→ **REQUIREMENT**
From the line below containing "la stessa immagine." to the final line, print each line exactly as written. No pictures belong in the copy.

┌──

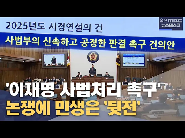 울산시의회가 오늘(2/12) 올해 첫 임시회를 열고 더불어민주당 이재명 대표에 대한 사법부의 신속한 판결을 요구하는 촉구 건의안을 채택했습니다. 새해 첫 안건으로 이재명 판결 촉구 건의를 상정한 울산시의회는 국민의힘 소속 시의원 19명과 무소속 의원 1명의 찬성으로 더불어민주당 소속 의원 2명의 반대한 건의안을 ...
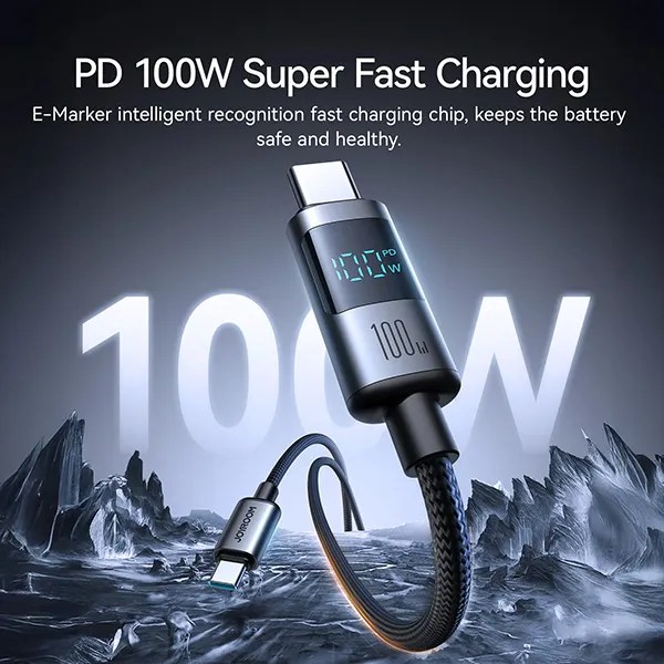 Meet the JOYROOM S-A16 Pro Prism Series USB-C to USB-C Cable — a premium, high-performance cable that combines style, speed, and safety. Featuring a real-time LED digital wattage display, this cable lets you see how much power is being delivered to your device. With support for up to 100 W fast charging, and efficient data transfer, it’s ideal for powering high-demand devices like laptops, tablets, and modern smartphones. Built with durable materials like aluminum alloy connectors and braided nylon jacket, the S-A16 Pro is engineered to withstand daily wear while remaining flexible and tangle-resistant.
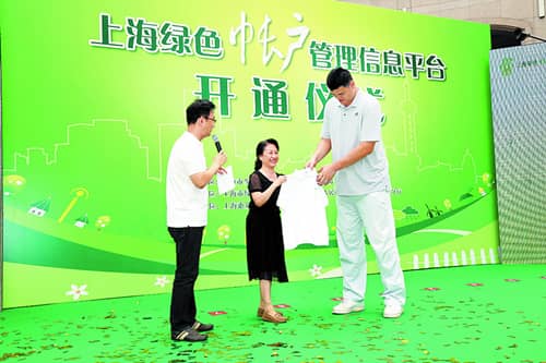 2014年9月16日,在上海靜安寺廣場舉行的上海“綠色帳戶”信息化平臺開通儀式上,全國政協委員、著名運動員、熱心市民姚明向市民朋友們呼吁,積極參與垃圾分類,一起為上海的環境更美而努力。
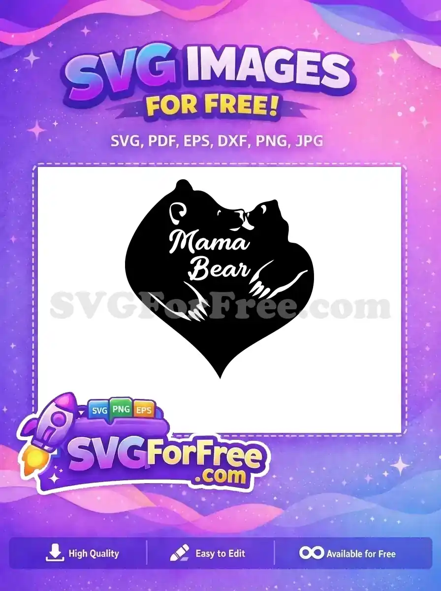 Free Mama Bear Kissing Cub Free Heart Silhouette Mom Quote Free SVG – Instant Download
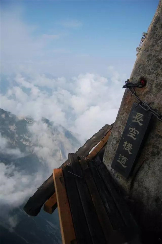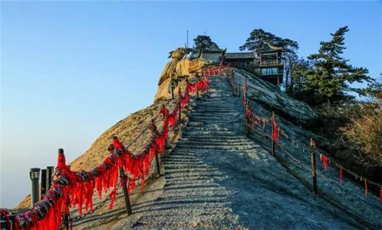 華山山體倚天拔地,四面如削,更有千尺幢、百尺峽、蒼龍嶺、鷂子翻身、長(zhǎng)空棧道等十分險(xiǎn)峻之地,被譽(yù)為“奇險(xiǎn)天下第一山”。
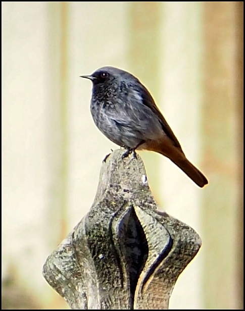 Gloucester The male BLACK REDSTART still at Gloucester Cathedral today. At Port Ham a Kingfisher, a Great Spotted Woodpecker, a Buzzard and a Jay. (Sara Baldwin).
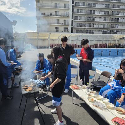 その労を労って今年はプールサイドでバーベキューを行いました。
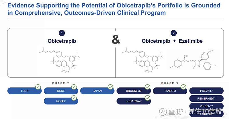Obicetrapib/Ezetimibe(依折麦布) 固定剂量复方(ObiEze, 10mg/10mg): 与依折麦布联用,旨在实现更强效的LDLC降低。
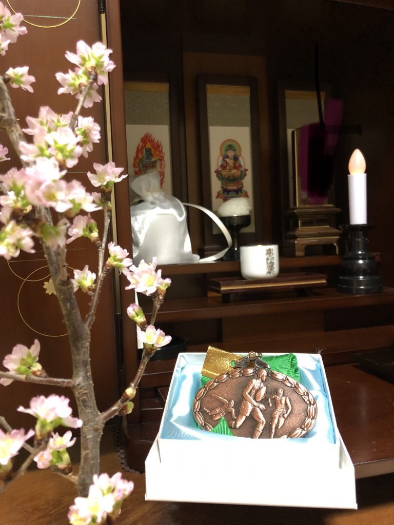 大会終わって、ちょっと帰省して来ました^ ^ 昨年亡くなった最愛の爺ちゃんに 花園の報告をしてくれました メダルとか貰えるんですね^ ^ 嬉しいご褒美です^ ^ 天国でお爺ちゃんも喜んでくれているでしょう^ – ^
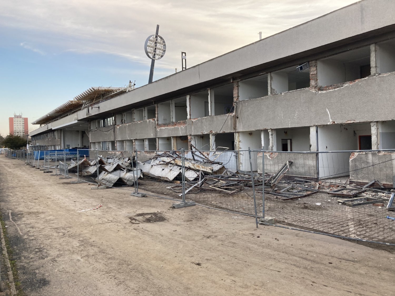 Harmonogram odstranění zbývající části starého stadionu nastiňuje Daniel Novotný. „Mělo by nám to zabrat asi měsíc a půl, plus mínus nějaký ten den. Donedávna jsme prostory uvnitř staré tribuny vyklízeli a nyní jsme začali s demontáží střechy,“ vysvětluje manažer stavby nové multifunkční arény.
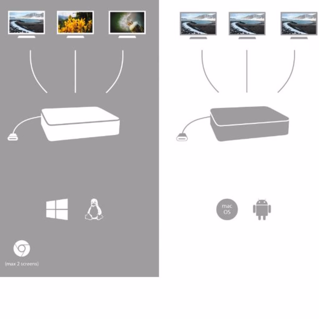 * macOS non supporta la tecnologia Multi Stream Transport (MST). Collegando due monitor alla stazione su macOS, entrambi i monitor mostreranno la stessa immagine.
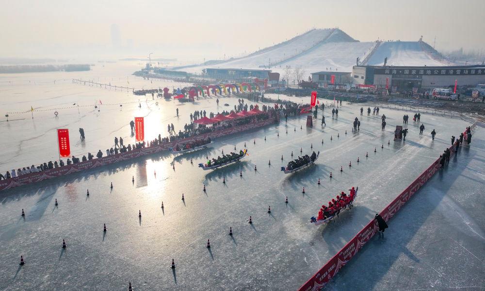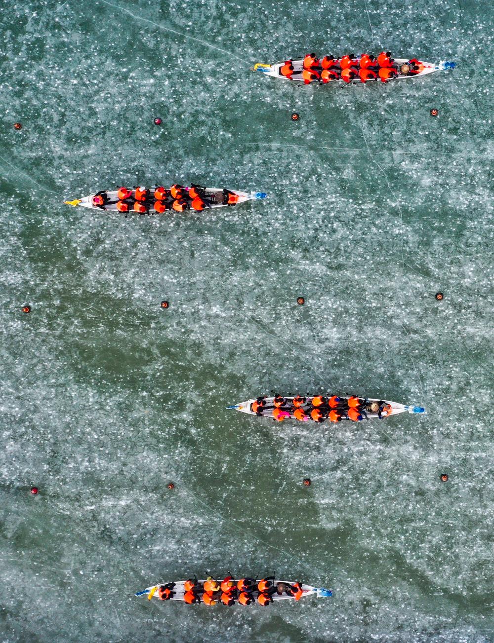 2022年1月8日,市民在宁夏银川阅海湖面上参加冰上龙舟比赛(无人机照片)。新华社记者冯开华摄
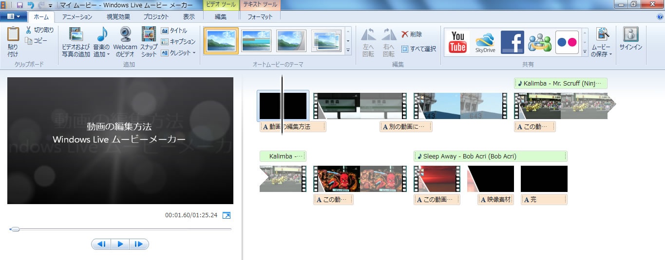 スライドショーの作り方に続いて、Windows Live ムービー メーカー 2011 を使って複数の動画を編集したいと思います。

└──

→ **RESPONSE TO THIS TASK**
 * macOS non supporta la tecnologia Multi Stream Transport (MST). Collegando due monitor alla stazione su macOS, entrambi i monitor mostreranno la stessa immagine.
 2022年1月8日,市民在宁夏银川阅海湖面上参加冰上龙舟比赛(无人机照片)。新华社记者冯开华摄
 スライドショーの作り方に続いて、Windows Live ムービー メーカー 2011 を使って複数の動画を編集したいと思います。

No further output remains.